Logo Bloomberg Technoz

Nilai Ekspor RI Turun 3,1% Maret, CPO & Kakao Jadi Pemberat

Mis Fransiska Dewi
04 May 2026 12:20

Ilustrasi ekspor impor. (Bloomberg)
Ilustrasi ekspor impor. (Bloomberg)

Bloomberg Technoz, Jakarta - Badan Pusat Statistik (BPS) mencatat nilai ekspor pada bulan Maret 2026 sebesar US$25,53. Artinya, apabila dibandingkan dengan periode yang sama tahun sebelumnya (YoY) maka ekspor nasional mencatatkan penurunan 3,1%.
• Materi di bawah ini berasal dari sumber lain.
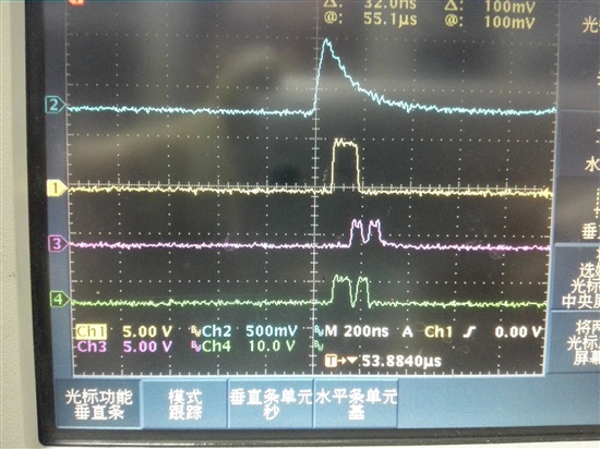 图例,4信号就是比较器上升沿触发的信号,有两个波,本来应该只有一个。

Deputi Bidang Statistik Distribusi dan Jasa BPS, Ateng Hartono membeberkan bahwa pada bulan Maret 2026, nilai ekspor migas tercatat senilai US$1,28 miliar atau turun 11,84% secara YoY. Sedangkan nilai ekspor non-migas ini tercatat turun sebesar US$2,52% dengan nilai US$21,25 miliar.

“Penurunan nilai ekspor Maret 2026 secara tahunan tersebut terutama didorong oleh penurunan nilai ekspor pada non-migas,” kata Ateng dalam rilis BPS, Senin (4/5/2026)


Penurunan terbesar di antaranya menurut Ateng adalah lemak dan minyak hewani/nabati termasuk crude palm oil (CPO) yang turun sebesar 27,02%. Sementara, andil komoditas ini terhadap penurunan ekspor yaitu 3,52%. 

Sementara itu, kakao dan olahannya juga mencatatkan penurunan sebesar 50,89% dengan andil 0,75% terhadap total ekspor. Serta kopi teh dan juga rempah-rempah yang juga turun 54,69% dengan andil itu 0,68% terhadap total ekspor.